2 problems with that last quote:

1- everyone is different and will react differently to different substances and different dosages.

2- you could do the same exact cycle 3 times, and without a controlled setting it would be impossible to get the same results each time, there are just too many variables to use that quote. such as, diet was different from one time to the next, age was different each time, medication may have been UGL allowing discrepencies, i could go on and on and on.

Bottomline, take advice, use it sparringly and decide for yourself what is best for you.

EDIT: and after re reading you need to wait a few years, that i can be sure of.

Good post
 
Please don't post stupid shit like this. Some other idiot might actually do this and fuck himself up.
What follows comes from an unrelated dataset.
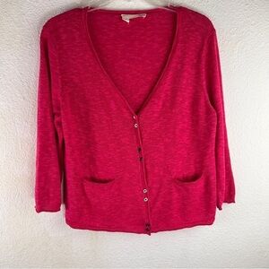 EILEEN FISHER Pink cardigan, V-neck with double button closure. 2 pockets and gray buttons

ok first of all i did not recomened anyone to not do a pct u dumb ass, i said i dont do it. i keep 90% of my gains when i come off with no problem so i dont need it i dont get all the bad sides like other guys, thats y i dont use an Aromatase inhibitor (AI) or post cycle therapy (pct). everyone is different. :flipoff:
 
No PCT huh..... Never needed it huh? Yeah okay, how has the ballon effect been going for you? Like it????

Anyway, I'd advise proper pct buddy... Magnate worked for you (even though I figure you're being sarcastic) but this is not something newbs need to be doing..

dude shut up never said i newb had to do it like i said thats what works for me and i dont need it at all, i recover very good and keep most my gains, no BALLON effect ha ha wtf is that? evryone is different so dont go hatin on ppl that can get by with out a pct just cuz u need it.